Jospin décide, en 1999, de réunir autour d’une table tous les partis. Le gouvernement, les nationalistes et les élus corses des partis traditionnels, droite ou gauche, tout le monde participe.
À l’été 2000, Jospin sort un consensus de son chapeau. Un coup de maître de grand illusionniste, car chacun y voit donc ce qui lui plaît : étendue exacte du pouvoir législatif accordé à la Corse, obligation ou non de l’apprentissage de la langue corse, fiscalité, tout cela est évoqué, mais pas dans le détail.Grand malentendu.
Chevènement, ministre de l’Intérieur, démissionne.
Dans le camp adverse, c’est la zizanie : les attentats et les assassinats reprennent (une trentaine en 2001).

Les années 2000

Le changement de donne politique, en mai 2002, enterre ces accords.
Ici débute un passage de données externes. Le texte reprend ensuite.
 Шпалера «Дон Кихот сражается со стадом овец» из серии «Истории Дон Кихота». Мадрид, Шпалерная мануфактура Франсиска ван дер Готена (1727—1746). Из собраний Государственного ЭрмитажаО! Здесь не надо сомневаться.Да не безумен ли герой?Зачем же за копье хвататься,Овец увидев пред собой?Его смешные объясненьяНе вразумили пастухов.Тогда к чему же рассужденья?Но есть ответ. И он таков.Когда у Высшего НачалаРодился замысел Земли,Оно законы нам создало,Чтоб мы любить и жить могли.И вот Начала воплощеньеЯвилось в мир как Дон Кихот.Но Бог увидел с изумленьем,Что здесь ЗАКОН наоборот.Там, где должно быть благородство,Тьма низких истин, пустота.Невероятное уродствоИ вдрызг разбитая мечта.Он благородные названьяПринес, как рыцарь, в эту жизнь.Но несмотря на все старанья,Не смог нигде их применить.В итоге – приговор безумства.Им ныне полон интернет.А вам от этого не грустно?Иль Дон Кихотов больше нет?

L'embellie des relations gouvernement-nationalistes ne survit pas à un été 2003 riche en rebondissements : l'arrestation d'Yvan Colonna, la victoire du « non » au référendum sur l'évolution du statut de l'île et le verdict dans le procès de l'assassinat du préfet Érignac conduisent le camp nationaliste à durcir sa position.
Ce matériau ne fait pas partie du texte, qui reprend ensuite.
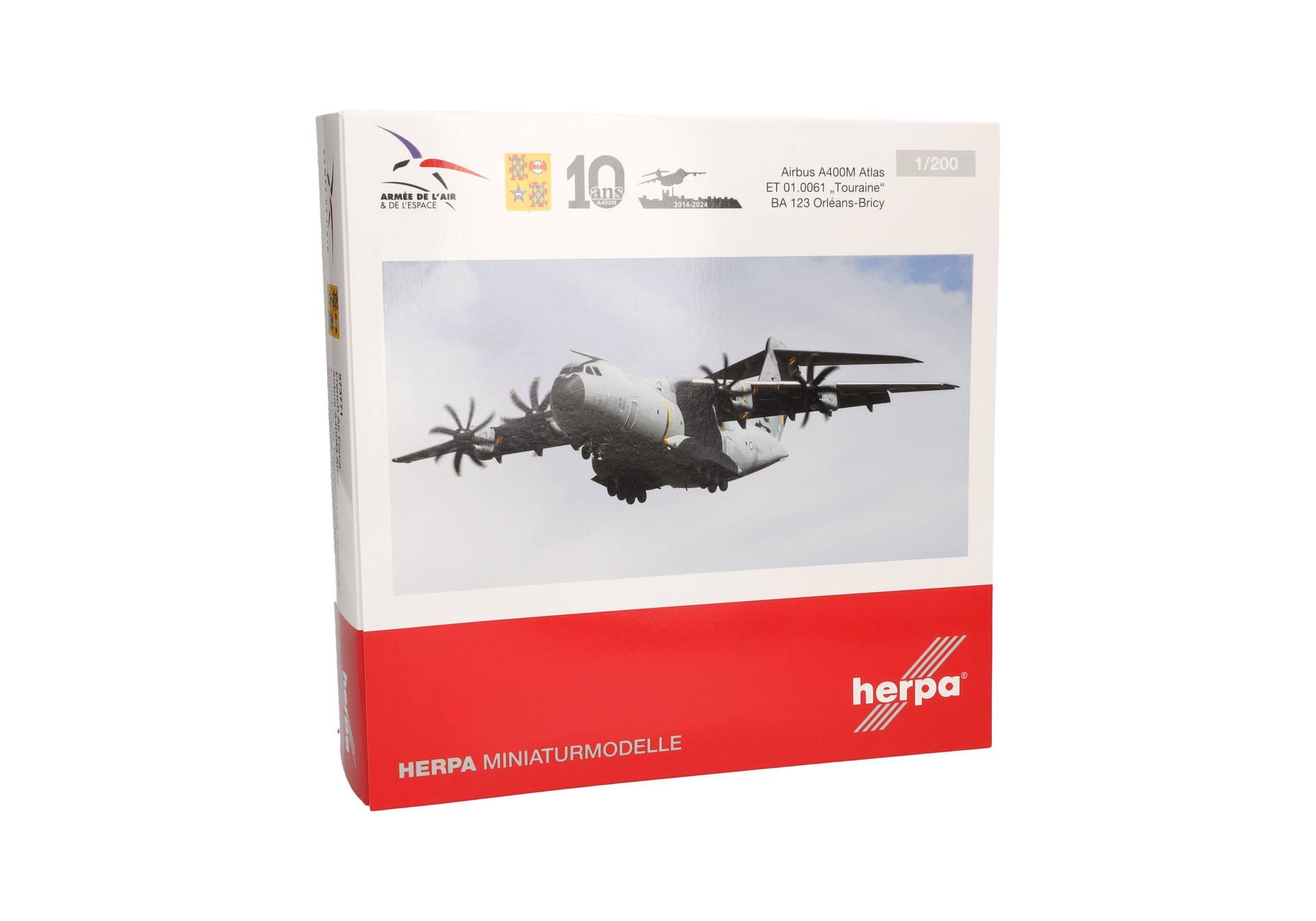 Produktinformationen "Herpa 573771 - Airbus A400M French AF 1/61 -10 Years 1:200"

Et les attentats, qui n'avaient jamais vraiment cessé, reprennent à un rythme accéléré... avant qu'une nouvelle trêve soit annoncée. Aux régionales de 2004, les nationalistes subissent un revers : seulement 8 sièges sur 51 à l’Assemblée territoriale.

Dans la foulée, l'arrivée au ministère de l'Intérieur de Dominique de Villepin, admirateur de Napoléon, ne contribue pas à détendre l'atmosphère.

Fin 2004, le camp nationaliste et le gouvernement sont dans une sorte de paix armée, rythmée par les plasticages.

En 2005-2006, ces derniers rythment toujours gentiment la vie insulaire. Corse éternelle...
Les rencontres de Corte, en août 2007, marquent une nette fracture entre « indépendantistes » et « autonomistes ». Cela aboutira, en 2014, à l’annonce par le FNLC qu’il dépose les armes. L’organisation est en perte de vitesse face à la nouvelle génération des autonomistes, menés par Gilles Siméoni (fils d’Edmond) et qui refusent la violence des « encagoulés ». Le FNLC, pour ne pas perdre la face, a tenté de faire valoir qu’il avait gagné le combat des « idées », les revendications portées depuis la création du mouvement ayant fait leur chemin dans les esprits, parfois au-delà même des rangs nationalistes.

Bilan de 38 années de violence : 10 500 attentats ont été commis sur l’île (moins de la moitié revendiqués). Cela ne signifie pas l’arrêt définitif de toute violence dans l’île, le FLNC n’étant plus qu’une composante du mouvement nationaliste.

L'année 2017 en Corse

Les deux départements corses se sont distingués (une nouvelle fois !) de ceux du continent, en n’élisant aucun député de La République en marche (ils s’étaient déjà fait remarquer, au premier tour de la présidentielle, en plaçant Marine Le Pen en tête...). Cela ne signifie pas pour autant que les électeurs aient choisi le statu quo : ils ont aussi renvoyé le personnel politique sortant, en envoyant quatre nouvelles têtes à l’Assemblée nationale : trois autonomistes-indépendantistes, le quatrième étant issu des républicains.
Les élections anticipées de décembre 2017 (la création de la collectivité unique, regroupant les deux départements et la CTC, nécessitant un nouveau scrutin) ont confirmé et même amplifié le succès des législatives, malgré une forte abstention : avec 56,5% des suffrages exprimés, le camp autonomiste-indépendantiste l’a largement emporté.

L’été 2017 a vu la Corse flamber et les habitants exprimer leur colère face au manque de moyens pour lutter contre les incendies. Dans le cap Corse, entre Ogliastro et Pietracorbara, dans le Nebbio, à Biguglia ou encore en Balagne, donc principalement en Haute-Corse, pyromanes, vents forts et incurie se sont ligués pour détruire des milliers d’hectares de forêts et de maquis.